Pengetahuan akan cara bernafas yang baik dan benar akan bermanfaat dalam jangka
panjang baik terhadap fisik maupun emosi seseorang.
5. Gejala dispnea
Gejala utama dari sesak napas adalah kesulitan bernapas. Gejalanya
tergantung pada tingkat keparahan sesak napas.
Penderita sesak napas biasanya memiliki gejala napas sebagai berikut:
Pendek
Cepat
Dangkal
Nyeri
Tidak nyaman
Gejala ini bisa berlangsung sesaat (akut) atau menjadi kronis. Orang yang
mengalami sesak napas akan merasakan sesak di dada hingga merasa seperti tercekik.
Sesak napas yang muncul mendadak atau ekstrem memerlukan perhatian medis
secepatnya.
Perawatan paliatif adalah perawatan yang bisa didapatkan para pasien yang
menderita penyakit kronis dengan stadium lanjut, yang bertujuan untuk meningkatkan
kualitas hidup pasien. Peningkatan hidup dilakukan dengan cara pendekatan dari sisi
psikologis, psikososial, mental serta spiritual pasien, sehingga membuat pasien lebih
tenang, bahagia, serta nyaman ketika menjalani pengobatan.
Walaupun sampai saat ini perawatan paliatif seringnya dilakukan pada pasien
kanker, namun sebenarnya ada beberapa penyakit yang juga membutuhkan perawatan
ini, seperti:
Penyakit yang diderita oleh orang dewasa, adalah Alzheimer, demensia, kanker,
penyakit kardiovaskuler (termasuk dengan serangan jantung), sirosis, penyakit
paru obstruktif kronis, diabetes, HIV/AIDS, gagal ginjal, Multiple Sclerosis,
Parkinson, dan TBC.
Penyakit yang dialami oleh anak-anak, yaitu kanker, penyakit jantung dan
pembuluh darah, sirosis, ganggguan pada sistem imunitas, HIV/AIDS, meningitis,
penyakit ginjal, dan masalah pada sistem saraf.

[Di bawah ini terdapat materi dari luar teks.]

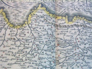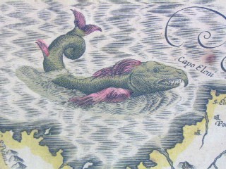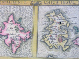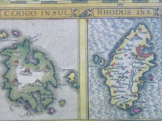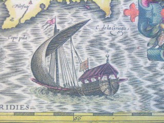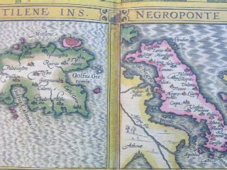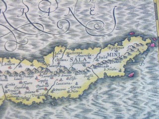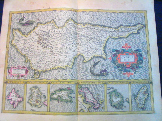 | "Cyprus Ins." Amsterdam, ca. 1636. SIZE: Sheet size: 21 x 18 inches, plate size:490 x 350 mm. PAPER TYPE: laid paper with chainlines, no watermark visible when held up to light. CONDITION: Very good map with general tanning to margins, bit of spotting to upper margin, one or two faint tan spots visible in plate, notably at the cartouche and northwest coast near fish's nose. Also small match-head-sized hole in the middle of one of the island insets (Chius), which has been expertly repaired, minor separation at bottom center fold, other than that a lovely map with wide margins, great original hand-coloring, has text in French on rear and has original center guard. NOTES: This map shows Cyprus, plus insets of six islands: Stalimini, Chius, Mitelene, Negroponte (ref. to the bridge between the Greek mainland and the island Europa), Cerigo (sometimes called Kithira), and Rhodus (Rhodes). Keywords: Greece, Aegean, Turkey This map is from one of the great Hondius/Mercator atlases of the early 17th century. Jodocus Hondius (1563-1612) bought Mercator's map plates and added many of his own and also improved on Mercator's and Ortelius's maps. After his death, he was succeeded in the business by his sons and they issued many editions of their justly celebrated atlases between 1605 and 1641 with texts in several languages. This is from a French edition. Price: CyP: 1000.00 | |

Gangguan fisik, seperti nyeri, susah tidur, napas menjadi pendek, tidak
nafsu makan, dan merasa sakit pada perut. Berbagai hal tersebut sering kali
dirasakan oleh pasien penyakit kronis yang sudah berada di stadium akhir. Lalu,
yang bisa dilakukan untuk mengatasi hal tersebut adalah melakukan konseling
gizi, melakukan terapi fisik, serta memberikan teknik bagaimana mengambil
napas dalam-dalam agar tubuh menjadi lebih rileks
Langkah pertama yang bisa Anda lakukan saat mengalami dyspnea adalah
bernapas melalui mulut. Cara ini dapat membantu Anda mendapatkan lebih banyak
oksigen, sehingga laju pernapasan akan melambat dan Anda dapat bernapas dengan
lebih efektif. Selain itu, bernapas melalui mulut juga dapat membantu Anda
melepaskan udara yang terperangkap di paru-paru.
Dalam hal ini, pasien yang menghadapi penyakit yang mengancam nyawa,
menjalani apa yang disebut perawatan paliatif (palliative care). WHO mendefinisikan
perawatan paliatif sebagai berikut:
- pendekatan untuk mencapai kualitas hidup pasien dan kematian yang bermartabat
- memberikan dukungan bagi keluarga yang menghadapi masalah yang berhubungan
dengan kondisi pasien
- mencegah dan mengurangi penderitaan
- melalui identifikasi dini, penilaian yang seksama, serta pengobatan nyeri dan
masalah-masalah lain baik fisik, psikososial dan spiritual.